■ **Material provided**
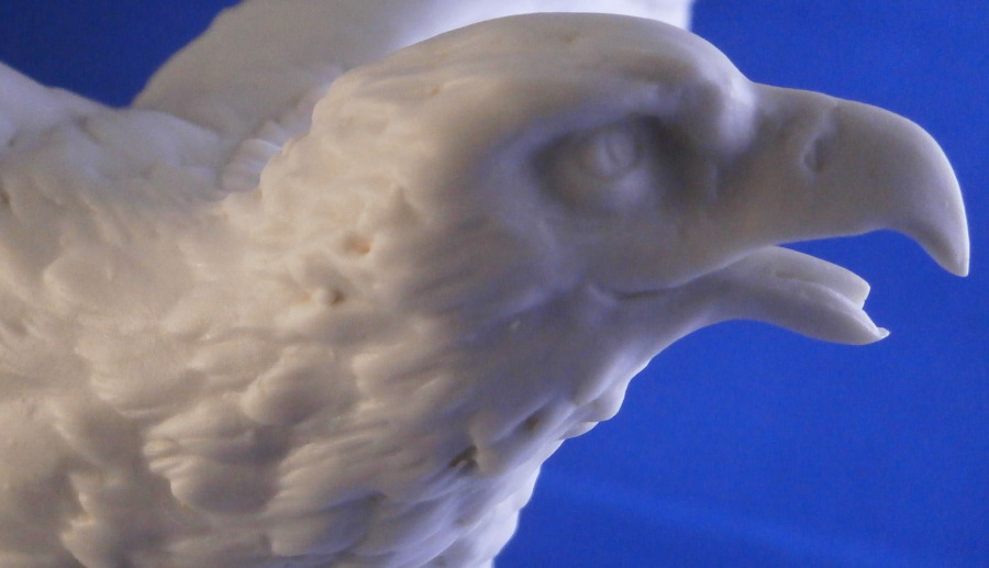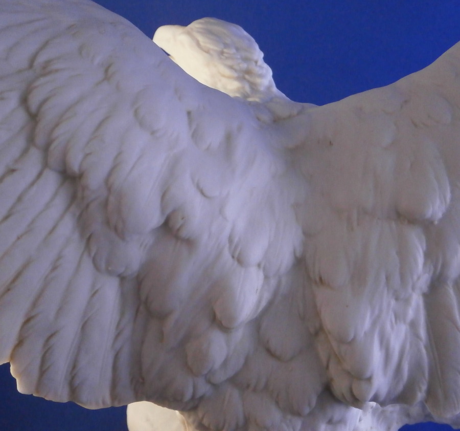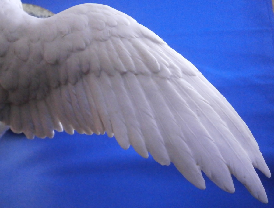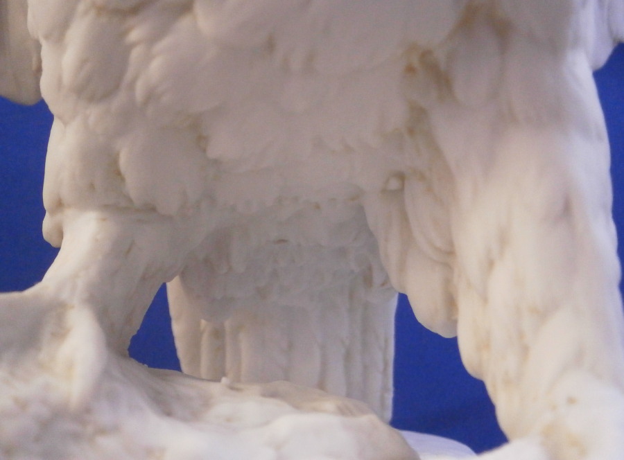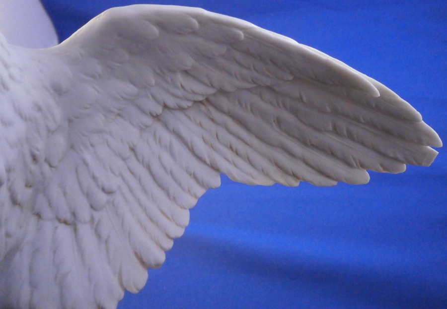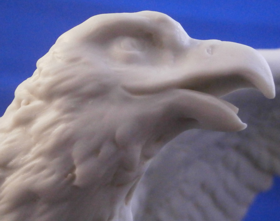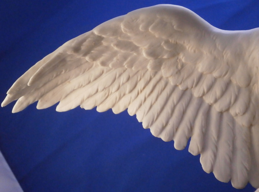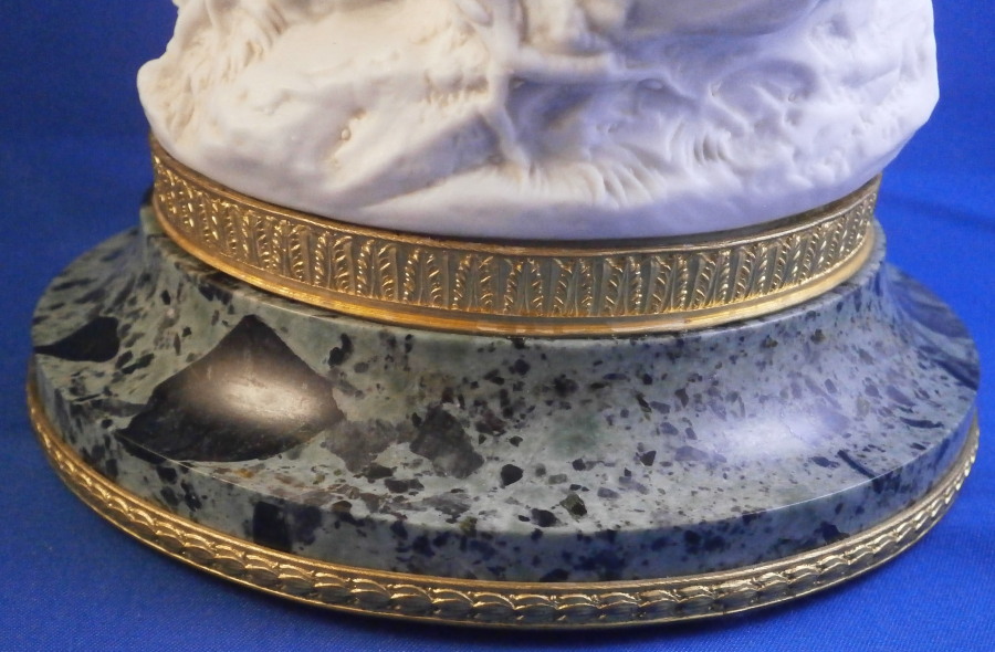 This is an extremely nice figurine of an eagle either made for the American market or even by a US maker likely in the late 19th century. I ahve never seen this model before and the added gold metal trim to the base is permanently attached to the porcelain so I cannot look for a possible maker's mark. What I do know is that is is the nicest eagle figure I have come across in my years of collecting. It is superbly modeled with the wings stretched out standing on a rocky base with an old gnarly tree trunk on the side. Tons of detail and the parian unglazed porcelain means it did not get covered by glaze so it is all visible. The superbly made piece in combination with an amazing green marble base with gold trim make this one of the neatest pieces I have seen in a long while! Just stunning. A rather large figurine being 10.625 inches tall, 14.25 inches wide and 6.5 inches deep. The base has a diameter of 5.125 inches. The piece is not visibly marked as to the maker. It has a small airhole underneath the butt. The bird is in great condition given the fragile nature of it. Two tips of the feathers on the wings have been damaged but it's not something that takes away from the piece at all. The base is in perfect condition and the green and gold coloration goes perfectly with the white of the porcelain! Please email me for more information or other pictures.
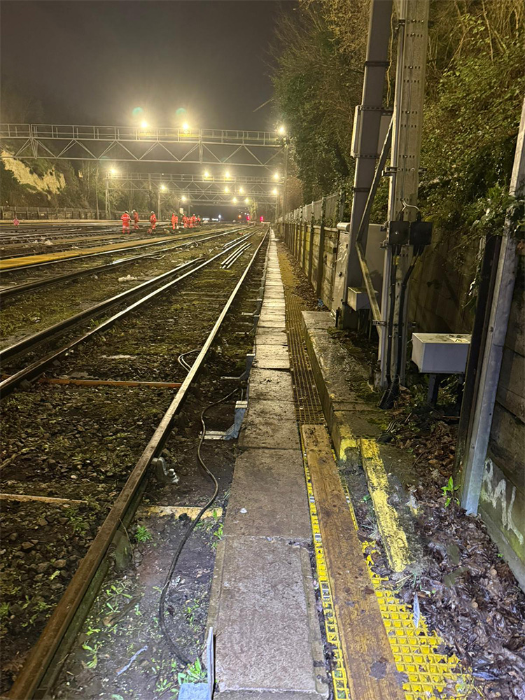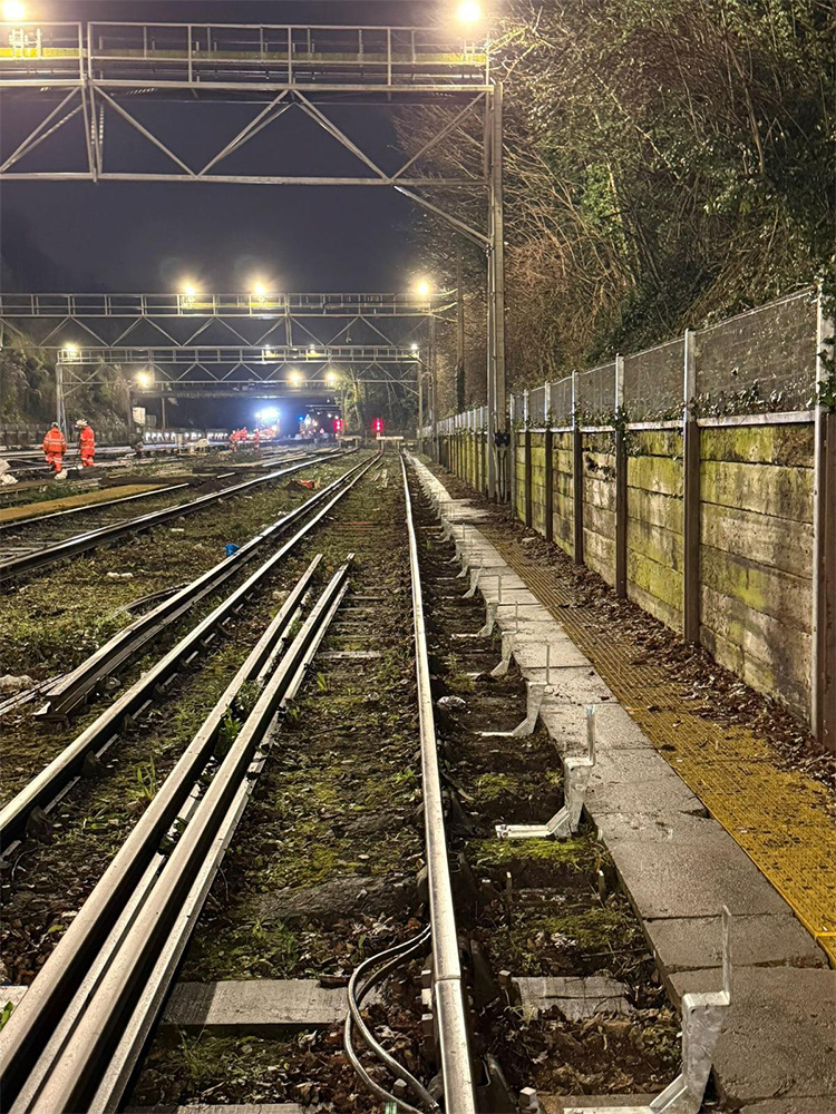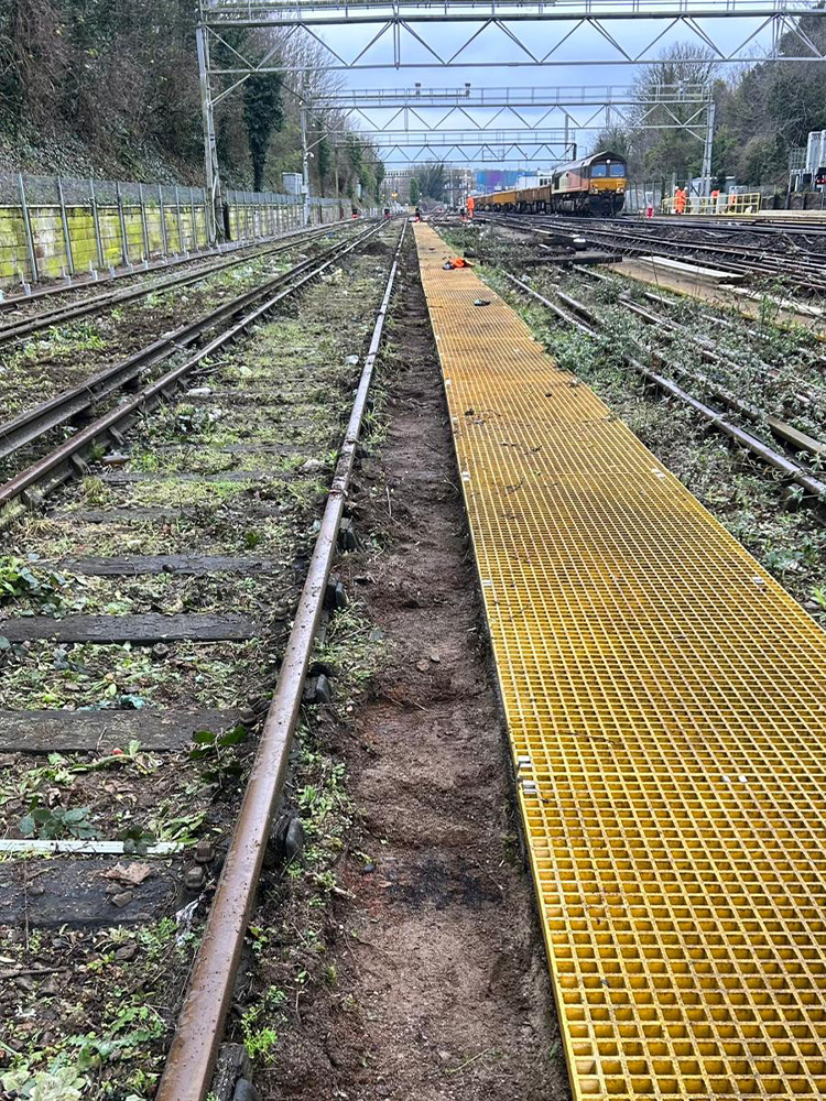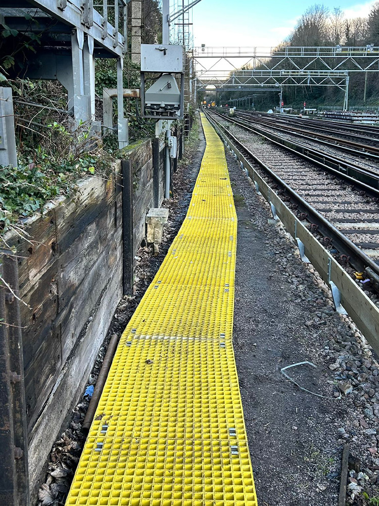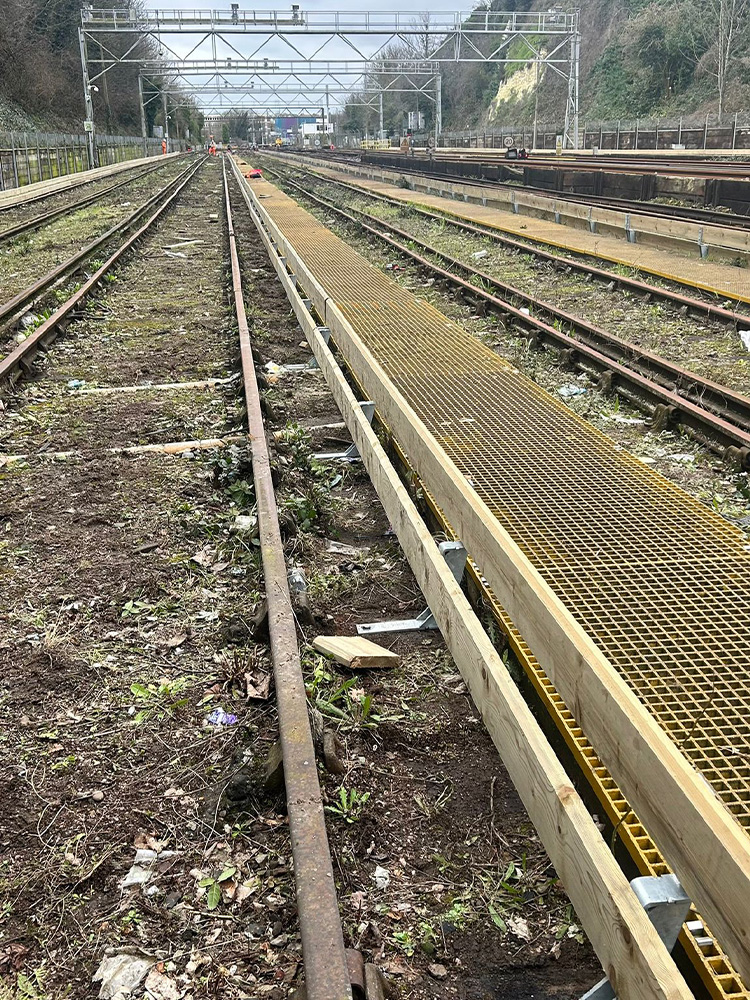 The scope of works included the loading, installation, and securing of approximately 1,200 metres of GRP walkway, together with all associated fixings and handrails. The project also involved the installation of guard boarding alongside the conductor rail to enhance safety and compliance.
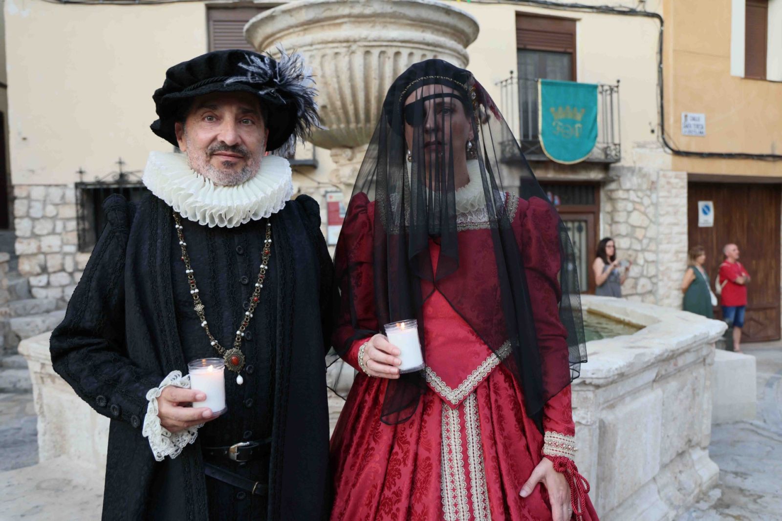 Fueron desfilando, así, los nombres y figuras de los grandes protagonistas, desde el maestre calatravo que obtuvo el privilegio de villazgo en 1369, hasta Simuel Francés, representante de la comunidad judía expulsada en 1492; Ana de la Cerda, promotora del palacio-fortaleza; la Princesa de Éboli, doña Ana de Mendoza, eje del relato histórico y sentimental del Festival; y su esposo, Ruy Gómez de Silva, valido de Felipe II y primer duque de Pastrana. A ellos les siguieron sus hijos y nietos, mecenas, políticos, militares, religiosos, mujeres marcadas por la tragedia o la devoción, como Ana de Silva y Mendoza, que eligió el claustro tras un destino quebrado. La evocación se cerró con las figuras místicas de Teresa de Jesús, fundadora de los conventos carmelitas de la villa, y San Juan de la Cruz, maestro de novicios en el convento de San Pedro. También se recordó a la singular Catalina de Cardona, la eremita que intentó imponer una vida aún más austera que la de los descalzos.

■ **Exercise**
Reproduce the data above exactly, leaving each picture out.

■ **Response**
 This is an extremely nice figurine of an eagle either made for the American market or even by a US maker likely in the late 19th century. I ahve never seen this model before and the added gold metal trim to the base is permanently attached to the porcelain so I cannot look for a possible maker's mark. What I do know is that is is the nicest eagle figure I have come across in my years of collecting. It is superbly modeled with the wings stretched out standing on a rocky base with an old gnarly tree trunk on the side. Tons of detail and the parian unglazed porcelain means it did not get covered by glaze so it is all visible. The superbly made piece in combination with an amazing green marble base with gold trim make this one of the neatest pieces I have seen in a long while! Just stunning. A rather large figurine being 10.625 inches tall, 14.25 inches wide and 6.5 inches deep. The base has a diameter of 5.125 inches. The piece is not visibly marked as to the maker. It has a small airhole underneath the butt. The bird is in great condition given the fragile nature of it. Two tips of the feathers on the wings have been damaged but it's not something that takes away from the piece at all. The base is in perfect condition and the green and gold coloration goes perfectly with the white of the porcelain! Please email me for more information or other pictures.
 The scope of works included the loading, installation, and securing of approximately 1,200 metres of GRP walkway, together with all associated fixings and handrails. The project also involved the installation of guard boarding alongside the conductor rail to enhance safety and compliance.
 Fueron desfilando, así, los nombres y figuras de los grandes protagonistas, desde el maestre calatravo que obtuvo el privilegio de villazgo en 1369, hasta Simuel Francés, representante de la comunidad judía expulsada en 1492; Ana de la Cerda, promotora del palacio-fortaleza; la Princesa de Éboli, doña Ana de Mendoza, eje del relato histórico y sentimental del Festival; y su esposo, Ruy Gómez de Silva, valido de Felipe II y primer duque de Pastrana. A ellos les siguieron sus hijos y nietos, mecenas, políticos, militares, religiosos, mujeres marcadas por la tragedia o la devoción, como Ana de Silva y Mendoza, que eligió el claustro tras un destino quebrado. La evocación se cerró con las figuras místicas de Teresa de Jesús, fundadora de los conventos carmelitas de la villa, y San Juan de la Cruz, maestro de novicios en el convento de San Pedro. También se recordó a la singular Catalina de Cardona, la eremita que intentó imponer una vida aún más austera que la de los descalzos.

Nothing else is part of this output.